While 'dancing round the D word'
Nora Ephron made the following observations:
Chances of dying.
When you cross into your sixties, your odds of dying -
or merely getting horribly sick on the way to dying - spike.
Death is a sniper. It strikes people you love,
people you like, people you know,
it's everywhere.
You could be next.
But then you turn out not to be.
But then again you could be.
Questions
Here are some questions I am constantly noodling over:
Do you splurge or do you hoard?
Do you live every day as if it's your last,
or do you save your money
on the chance you'll live twenty more years?
Is life too short,
or is it going to be too long?
Do you work as hard as you can,
or do you slow down to smell the roses?
And where do carbohydrates fit into all this?
And what about chocolate?
There's a question for you, Gertrude Stein -
(who as she lay dying was asked by
Alice B. Toklas, "What is the answer?")
what about chocolate?
The final prognosis.
Before you get sick, you have absolutely no idea
of how you're going to feel once you do.
You can imagine you'll be brave,
but it's just as possible you'll be terrified.
You can hope that you'll find a way to accept death,
but you could just as easily end up raging against it.
The funeral.
I know what sort of food I would like served:
those little finger sandwiches
from this place on Lexington Avenue called William Poll.
And champagne would be nice. I love champagne.
It's so festive.
But otherwise I don't have a clue.
Burial or cremation?
I haven't even figured out whether I want to be
buried or cremated -largely because I've always worried
that cremation in some way lowers your
chances of being reincarnated.
(If there is such a thing.) (Which I know there isn't.)
(And yet.)
Life goes on.
I need more bath oil.
And that reminds me to say something about bath oil.

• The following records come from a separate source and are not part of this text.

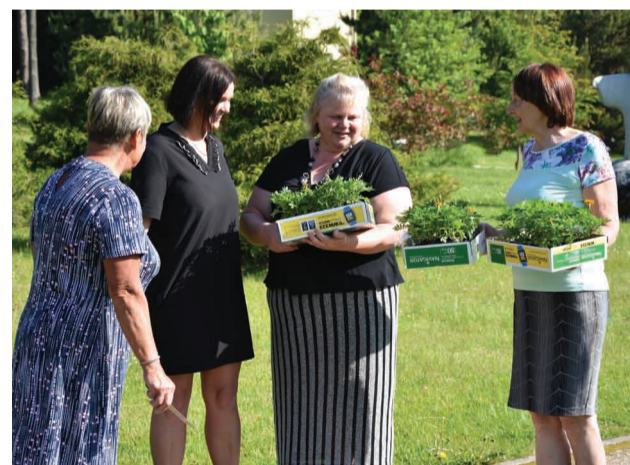
VSIA "Sertifikācijas un testēšanas centrs" darbinieki izaudzējuši vairākus desmitus samtenes

Aicinājumam atsaucās Priekuļu novada pašvaldība, izglītības iestādes, kā arī VSIA "Sertifikācijas un testēšanas centrs". Priekuļu PII "Mežmaliņa" un Jāņmuižas PII audzēkņi savus izaudzētos samteņu stādīņus iestādīja Saules parkā. VSIA "Sertifikācijas un testēšanas centrs" jau uzziedējušās samtenītes iestādīja pie Priekuļu novada
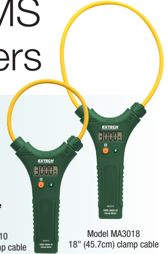
Model MA3018 18" (45.7cm) clamp cable
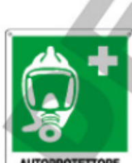
AUTOPROTETTORE AD ARIA COMPRESSA E20158 X

I use this bath oil I happen to love.
It's called Dr. Hauschka's lemon bath.
It costs about twenty dollars, which
is enough for about two weeks of baths
if you follow the instructions.
The instructions say one capful per bath.
But a capful gets you nowhere.
A capful is not enough. I have known this for a long time.
But if the events of the last few years have taught me anything,
it's that I'm going to feel an idiot if I die tomorrow
and I skimped on bath oil today.
So I use quite a lot of bath oil.
More than you could ever imagine.
After I take a bath,
my bathtub is as dangerous as an oil slick.
But thanks to the bath oil, I'm as smooth as silk.
I am going out to buy more, right now.